To ensure that the emotions detected on students’ faces were directly related to the lecture content and not influenced by external factors, several steps were implemented in the experimental design. A lecturer delivering their first session to the students was selected, ensuring no prior familiarity that could affect emotional responses. Additionally, students were screened for any pre-existing emotional burdens or external factors that might skew results, and those identified as feeling overwhelmed or carrying emotional baggage were excluded from the sample. After this screening process, 45 participants remained, allowing for accurate system calibration. This approach aimed to isolate detected emotions solely in relation to the educational content, minimizing potential noise from external influences. Emotional feedback sessions were also conducted to confirm that the observed emotions were indeed linked to the learning material. Additionally, the data were labeled based on three key elements: the overall feeling reported by the students, the grade they received on specific questions corresponding to the 5 s sample interval, and the emotion recognized by the system. This multi-layered labeling approach allowed us to create a more detailed correlation between emotional states, comprehension, and performance during the lecture [36].

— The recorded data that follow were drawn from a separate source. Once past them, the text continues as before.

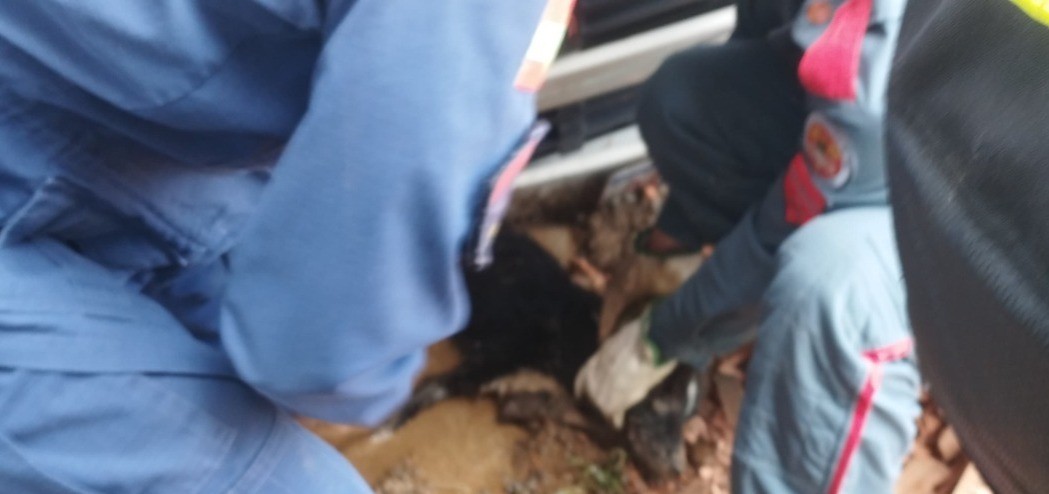 De acordo com os bombeiros de imediato foi realizado o resgate do animal, sendo foi escavando no entorno do local para liberar o animal, que apresentava fratura nas patas traseiras. Após resgate, o animal ficou aos cuidados do proprietário.
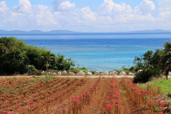 彼岸花畑から絶景ビーチを望む(提供写真)
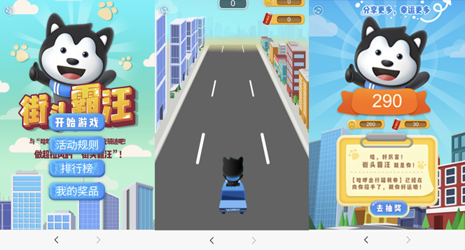 碰到障礙物游戲結(jié)束,達(dá)到一定分?jǐn)?shù)可抽獎

In large datasets, individual variations [37,38,39] or spontaneous data [40,41]—such as emotions influenced by personal issues—become statistically diluted. Big data analysis emphasizes overall trends rather than isolated instances, effectively reducing the impact of random fluctuations or external emotional factors on final results. In analyzing emotional responses within educational settings, the patterns observed typically reflect general engagement levels, as the volume of data helps balance individual deviations. By examining multiple students across various sessions, the model can reliably identify patterns associated with comprehension, even if some students experience personal influences. Furthermore, correlating facial expressions with post-lecture comprehension assessments validates the accuracy of the emotional data collected. Discrepancies between a student’s emotional responses and their comprehension level may indicate moments of mind wandering or temporary disengagement. Overall, leveraging big data enables a reliable and generalizable measure of student engagement, consistent despite occasional individual deviations.

Data pre-processing (Augmentation): in this phase, pre-processing is performed.

Augmentation: valuable techniques for enhancing the performance and outcomes of deep learning models. These methods provide diverse variations of the training data, thereby making the model more robust against overfitting. By applying various transformations to the training images, the model learns to prioritize essential features necessary for accurate classification.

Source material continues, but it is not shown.